The polymer is preferably an acrylic polymer, which is any polymer or copolymer that contains an acrylic moiety. Examples of suitable acrylic polymers include, but are not limited to polyacrylic acid, methacrylic acid, methacrylate, acrylamide, acrylate, acryinitrile, and alkyl-esters of poly acrylic acid. Examples of acrylic copolymers are poly (acrylamide-co butyl, methacrylate), acrylic-methacrylic acid, acrylic-acrylamide and poly(methacrylate). Commercial polymers may be obtained from a variety of sources.

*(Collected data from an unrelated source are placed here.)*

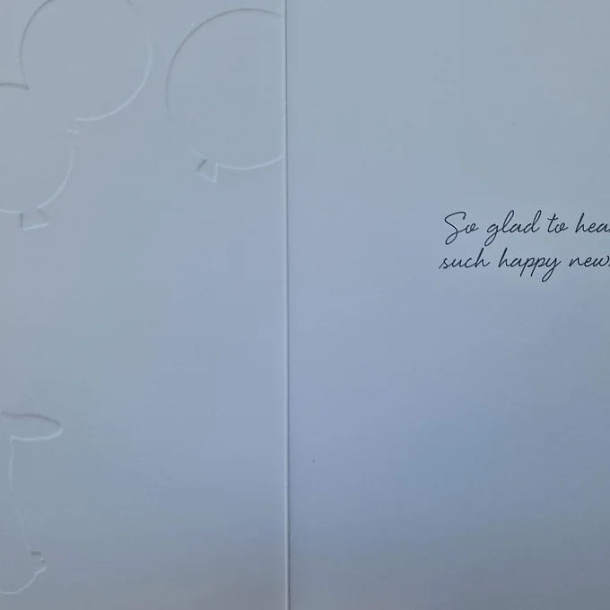 Baby Boy card with balloons, hearts, stars, and silver lettering and glitter.
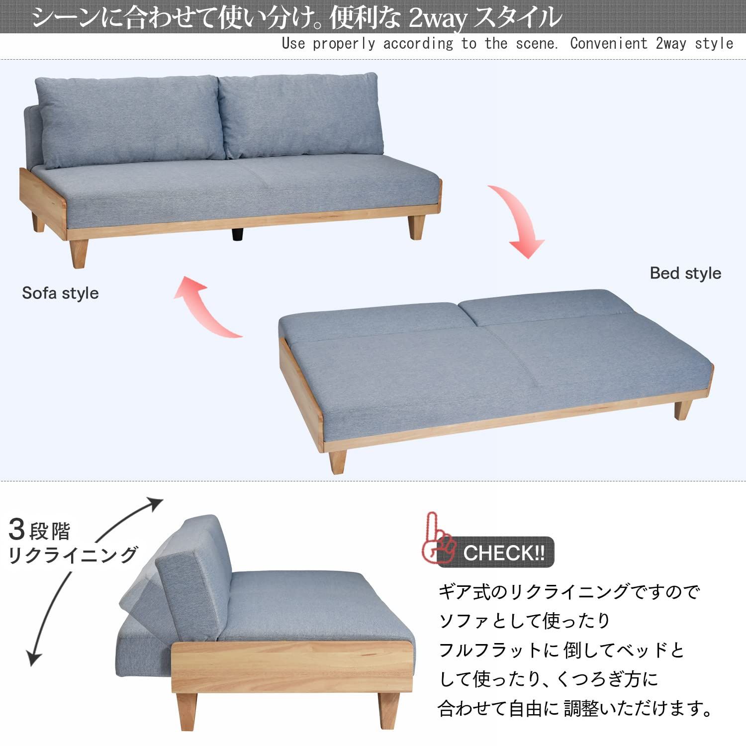 タマリビング Tamaliving ソファベッド リモーネ グレー 幅184.5 cm 3人掛け セパレート式リクライニング 木製フレーム ソファ ソファー ソファーベッド ベッド
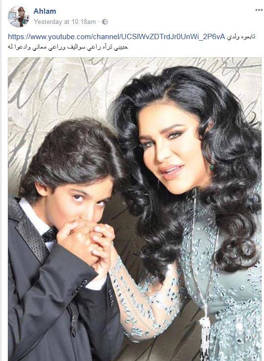 ونشرت أحلام عبر موقع "فايسبوك" صورة تجمعها بابنها فاهد، في محاولة لدعمه في خطوته الجديدة عبر فتحه قناة على "يوتيوب" ينشر فيها مقاطع فيديو متنوعة عن حياته اليومية.
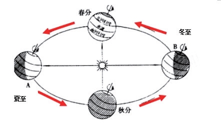 图13.地球运行姿态是北半球夏半年倾向太阳冬半年斜离太阳
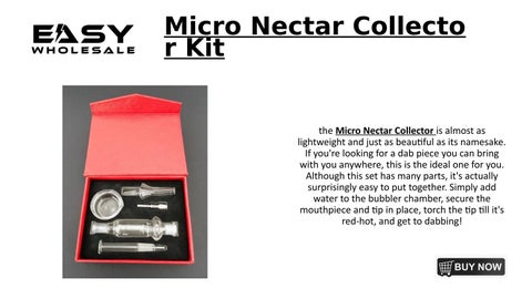Micro Nectar Collecto r Kit the Micro Nectar Collector is almost as lightweight and just as beautiful as its namesake. If you're looking for a dab piece you can bring with you anywhere, this is the ideal one for you. Although this set has many parts, it's actually surprisingly easy to put together. Simply add water to the bubbler chamber, secure the mouthpiece and tip in place, torch the tip till it's red-hot, and get to dabbing!
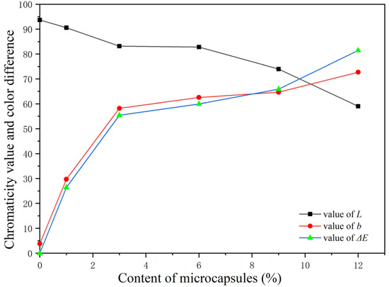 The color difference in the paint films was measured in line with GB/T 11186.3-1989 by a colorimeter [34]. The values of L, a, and b were noted during the test. L represents the brightness value of the paint films. A higher value indicates a brighter color of the paint film. a represents the red-green value of the paint films; a positive number indicates the color is reddish, and a negative number indicates the color is greenish. b refers to the yellow-blue value of the paint films. A positive number indicates the color is yellow, and a negative number indicates the color is blue. The test values of the film without microcapsules are L1, a1, b1, and the test values of the films with microcapsules are L2, a2, b2. The color difference ΔE was obtained by Formula (3). In it, Δa = a2 − a1, ΔL = L2 − L1, Δb = b2 − b1.
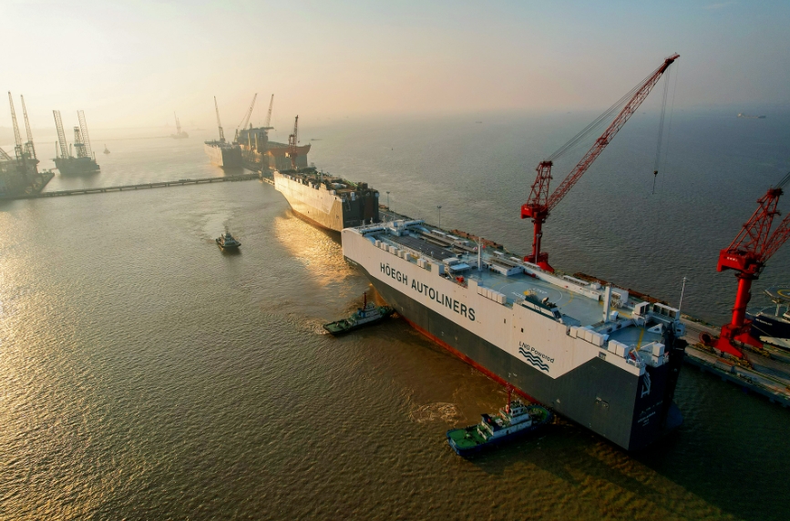 近日,招商局集團旗下招商工業(yè)海門基地建造的第一艘9100車雙燃料汽車滾裝船“禮諾極光”號,在海巡艇的引領(lǐng)和3艘拖輪的護航下,順利駛離船廠碼頭。該船是目前全球最大環(huán)保型汽車滾裝船,也是世界航運業(yè)綠色化、智能化發(fā)展的一個新起點。
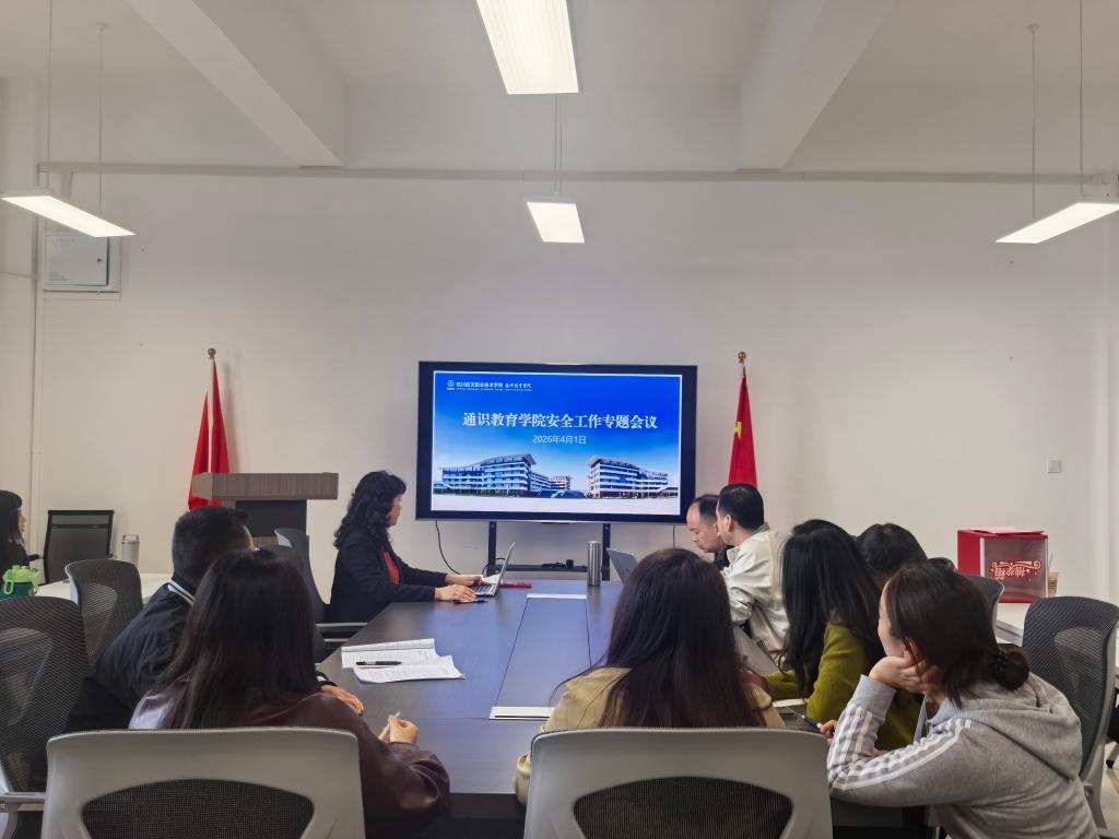 为深入贯彻落实学校 2026 年安全工作部署要求,切实筑牢校园安全防线,保障学院教育教学工作平稳有序开展,4 月 1 日下午,通识教育学院在知行楼 F344 会议室召开安全工作专题会议,学院全体教职工参会。
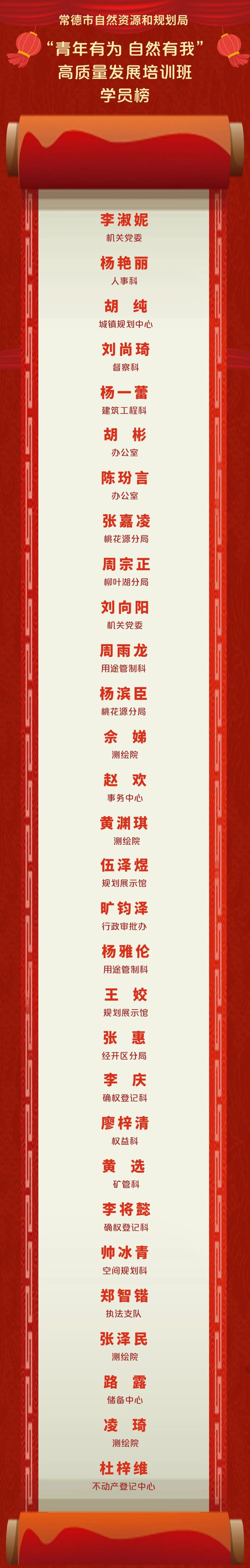 常德市自然资源和规划局“青年有为 自然有我”高质量发展培训班学员榜 来源:常德市自然资源和规划局 2024-02-02 09:30 字体:【小 大】 根据《常德市自然资源和规划局办公室关于选拔“青年有为 自然有我”高质量发展培训班学员的通知》精神,经个人报名、单位推荐、考试考核、集体研究等环节,确定李淑妮等30名同志作为“青年有为 自然有我”高质量发展培训班学员。

In some embodiments, acrylic polymers may benefit from the inclusion of a cross linker, such as a polyalkenyl polyether, an alkyl sucrose, or an allyl ether of penta-erythirtol, for example, which is effective in binding the polymers. An exemplary acrylic polymer for use in this invention is polyacrylic acid with or without a polyalkenyl polyether cross linker. One of ordinary skill in the art would be able to determine an appropriate acrylic polymer for a desired application. Likewise, one of ordinary skill in the art would be able to determine an appropriate cross linker for a given acrylic polymer.

Examples of non-acrylic polymers that are suitable for use herein are polyvinyl acetate phthalate, cellulose acetate phthalate, methylcellulose, polyethylene glycol, polyvinyl alcohol, and polyoxyethylene.